FIG. 7 is a diagram for explaining another conventional electrostatic chuck method.

[Explanation of reference numerals] 1 ... Vacuum container 2 ... High frequency electrode 3 ... Electrostatic chuck electrode 4 ... Wafer 5 ... First dielectric thin film 6 ... Second dielectric thin film 7 ... DC high voltage power supply 8 ... High frequency power supply 9 ... Peripheral Ring 10 ... Baffle plate 11 ... Gas inlet 12 ... Gas outlet 13 ... Matching circuit 14 ... High frequency filter 15 ... High resistance element 16 ... High frequency filter 17 ... Capacitor 18 ... Cooling gas inlet 19 ... Refrigerant inlet 20 ... Refrigerant outlet 21 ... Insulation member 22 ... Shield member 23 ... Penetration path 31, 31 '... Electric force line 32, 32' ... Negative charge 33, 33 '... Positive charge 34 ... Plasma 35 ... Sheath

Claims (5)

[Claims] 1. A processing container for performing plasma processing on a substrate to be processed, a holding table provided in the processing container for holding the substrate to be processed, and a plasma forming means for forming plasma for performing the plasma processing. And an electrostatic chuck having a high-frequency electrode connected to a ground potential via a high-frequency impedance and an opening provided on the high-frequency electrode via a first dielectric film. An electrode and a second dielectric film that covers the electrostatic chuck electrode and on which the substrate to be processed is placed, and the electrostatic chuck electrode is provided with potential control means for controlling the potential thereof. A plasma processing apparatus characterized in that 2. The opening induces charges of opposite polarities in the high-frequency electrode below the opening and the substrate to be processed above the opening, and the electrostatic chuck electrode and the electrostatic chuck electrode are connected to each other.

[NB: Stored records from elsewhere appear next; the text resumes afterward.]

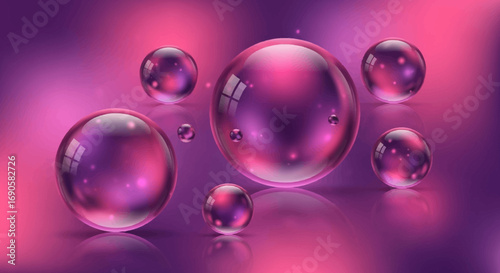 Abstract image of shiny purple and pink spheres on a reflective surface.
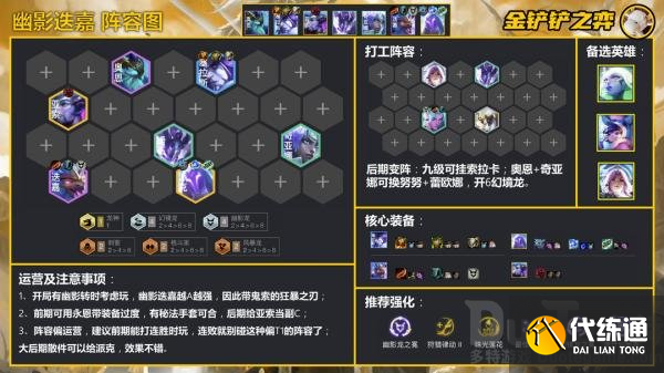 金铲铲之战当前赛季中幽影迭嘉这个阵容比较强,可能有很多玩家还不知道怎么玩,那么下面小编就给大家带来金铲铲之战幽影迭嘉阵容攻略。
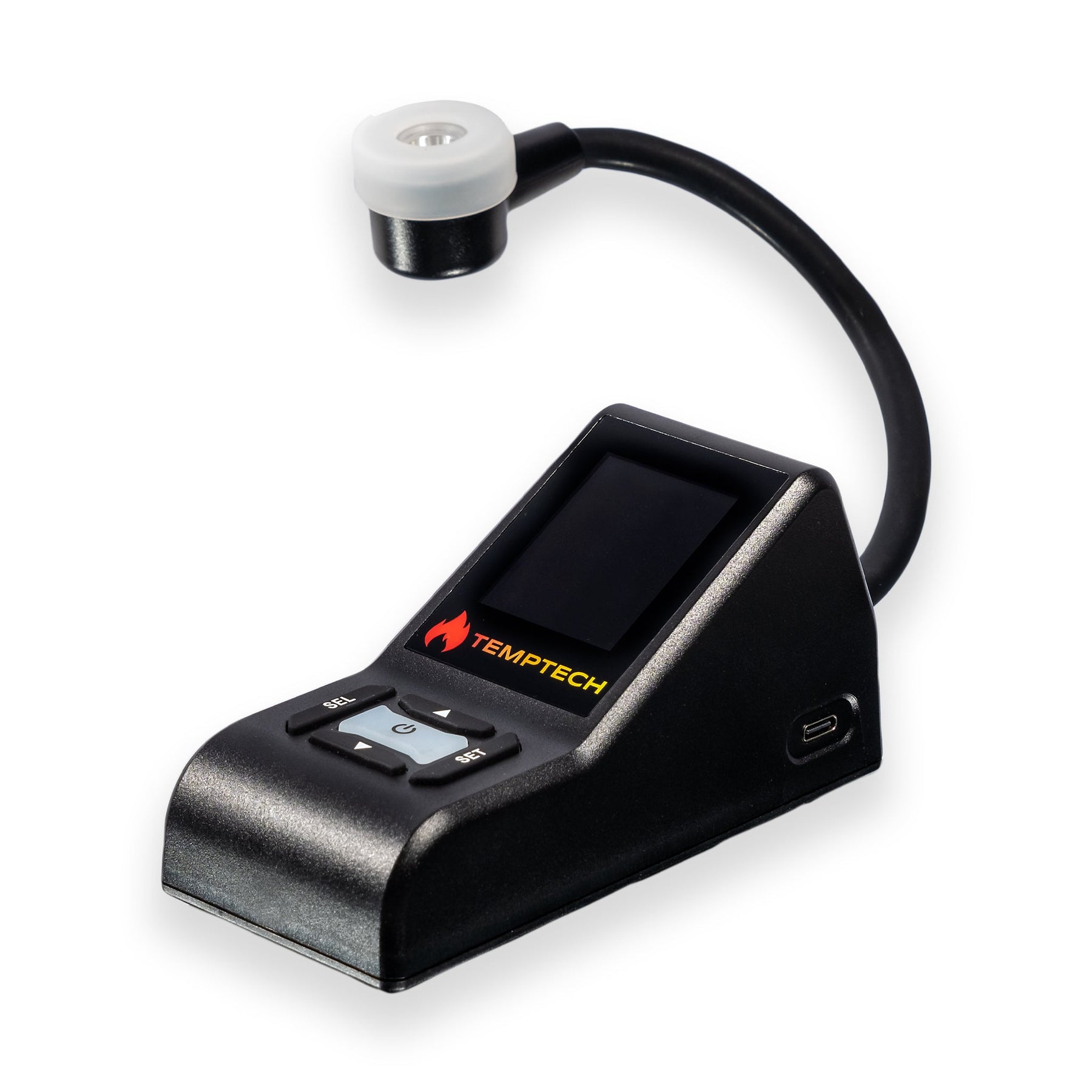 Experimente la precisión y la comodidad con el termómetro digital infrarrojo TempTech - FLEX. Diseñado para los aficionados al dabbing, este innovador termómetro cuenta con un brazo sensor ajustable con luces indicadoras y una gran pantalla a todo color. Sus alertas sonoras y visuales personalizables garantizan un control óptimo de la temperatura, haciendo que cada sesión sea perfecta. El termómetro digital infrarrojo FLEX se adapta a la mayoría de los rigs de dabbing e incluye diversas funciones avanzadas, como emisividad ajustable y apagado automático.
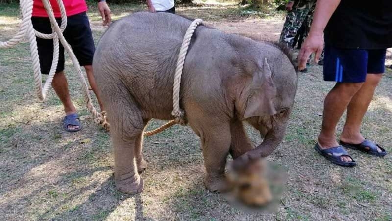 The baby elephant was found trapped in an abandoned cesspool in a rubber plantation in Ban None Phaisan village in Tambon Khok Kwang in Bung Kla district on April 4. It suffered injuries to its back and tummy.
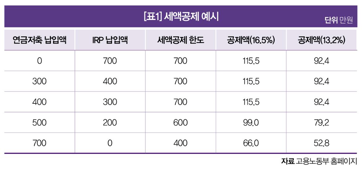 IRP의 두 번째 혜택은 연금저축과 합산해 연간 700만원까지 세액공제를 받을 수 있다는 점이다. IRP에 가입하지 않은 사람이 연금저축에 가입하면 400만원까지만
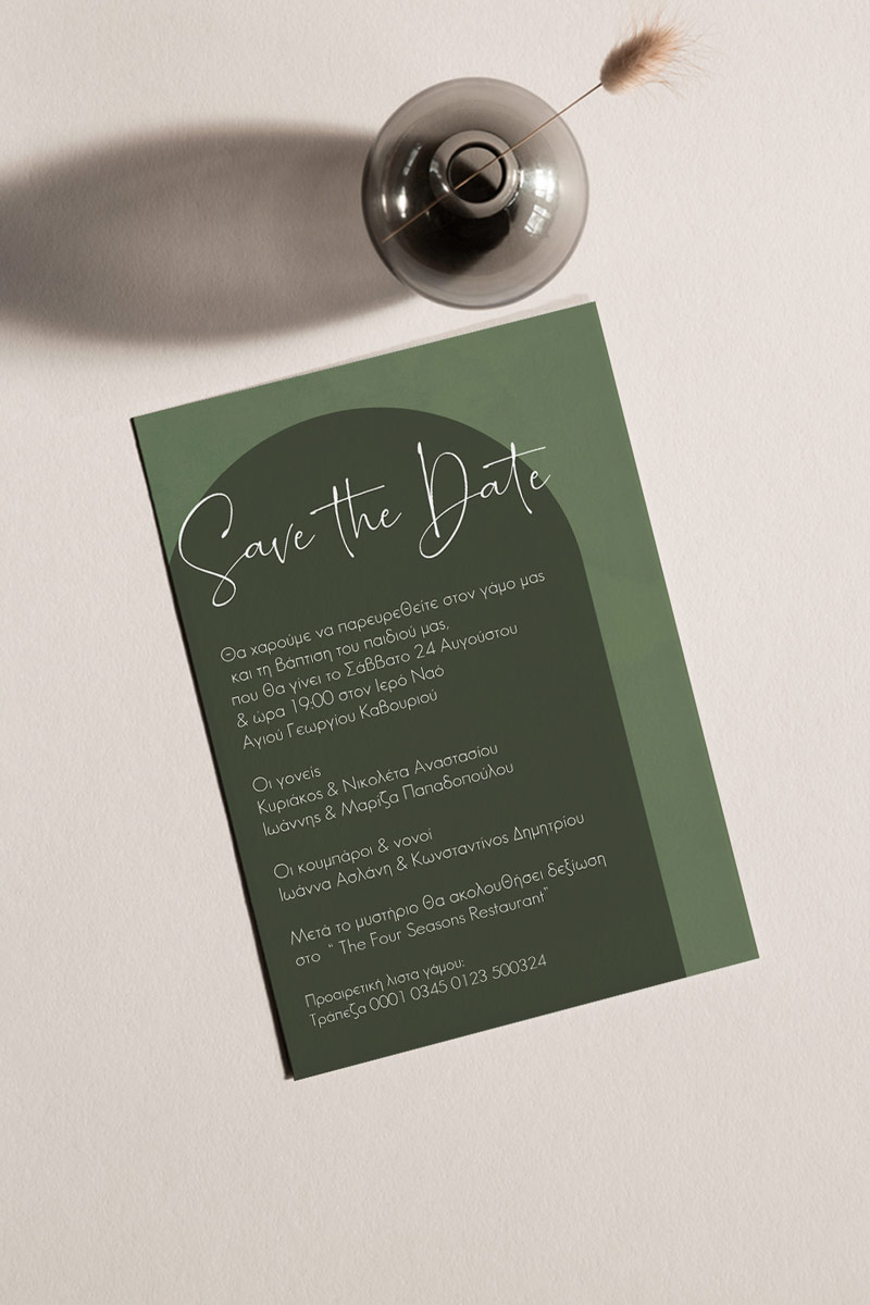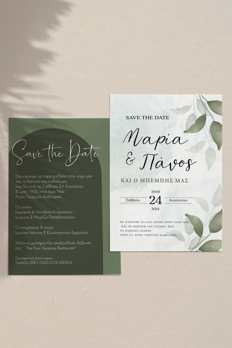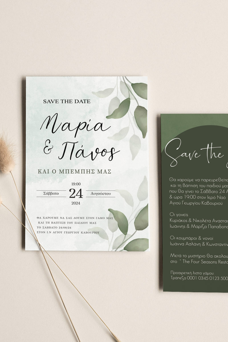 Αποκτήστε τα προσκλητήρια γάμου με σχέδιο Minimal Elegance. Οι πελάτες μας τα ξεχωρίζουν για το υψηλής ποιότητας ιταλικό χαρτί και την εκτύπωση υψηλής ευκρίνειας Myikona High Definition. Διαθέσιμα σε διαφορετικές διαστάσεις.
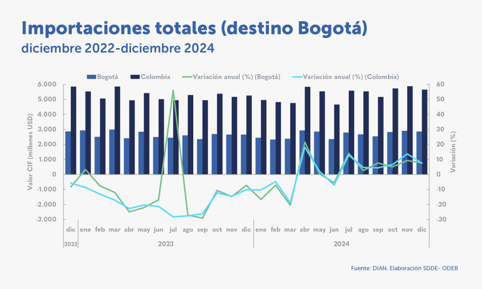 Las importaciones de manufacturas registraron un incremento anual de 3,3 %, mientras que los bienes primarios disminuyeron 15,8 % en 2024. • En 2024 se observó un crecimiento anual de 13,2 % en las compras externas de productos químicos. • Las importaciones desde China e India presentaron un aumento de 13,4 % y 22,9 % frente a 2023.
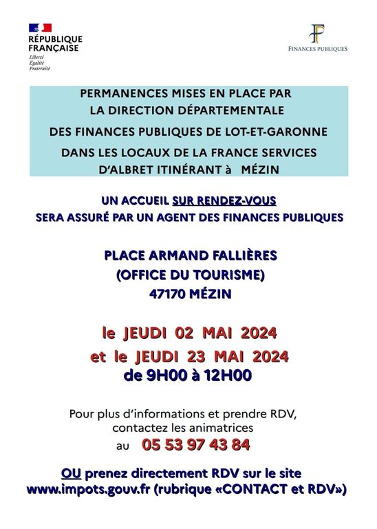 𝐏𝐨𝐮𝐫 𝐩𝐫𝐞𝐧𝐝𝐫𝐞 𝐑𝐃𝐕: Téléphoner au 05 53 97 43 84 (laisser un message avec les coordonnées pour être rappelé) ou prendre RDV sur le site internet https://www.impots.gouv.fr/contacts
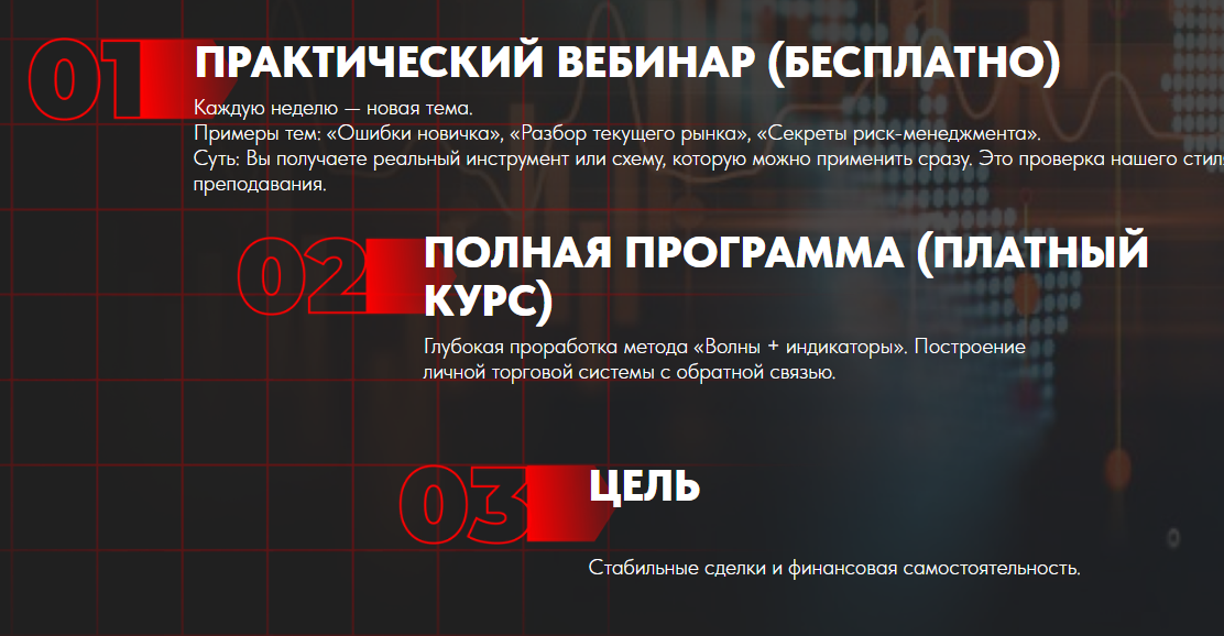 Программы курса не расписано, есть только краткий план бесплатного вебинара и платного курса. Расценки не указаны.

The plasma processing apparatus according to claim 1, wherein the plasma processing apparatus is formed so as to induce electric charges of opposite polarities on the substrate to be processed. 3. The area of the electrostatic chuck electrode is 40 to 80% of the area of the substrate to be processed.
3. The plasma processing apparatus according to 1. 4. A plasma processing method using the plasma processing apparatus according to claim 1, wherein the step of placing the substrate to be processed on a holding table, and the step of placing the substrate between the high frequency electrode pole and the electrostatic chuck electrode. The electric potential of the electrostatic chuck electrode is controlled by the potential control means so that the electric force lines that pass through the substrate to be processed and the opening of the electrostatic chuck electrode are formed, and the substrate to be processed is electrostatically force A plasma processing method comprising: a step of holding on a holding table; and a step of forming plasma above the substrate to be processed by a plasma forming means to perform plasma processing on the substrate to be processed. 5. The plasma processing method according to claim 4, wherein after the plasma processing, the potential control means changes the potential of the electrostatic chuck electrode to a reverse polarity.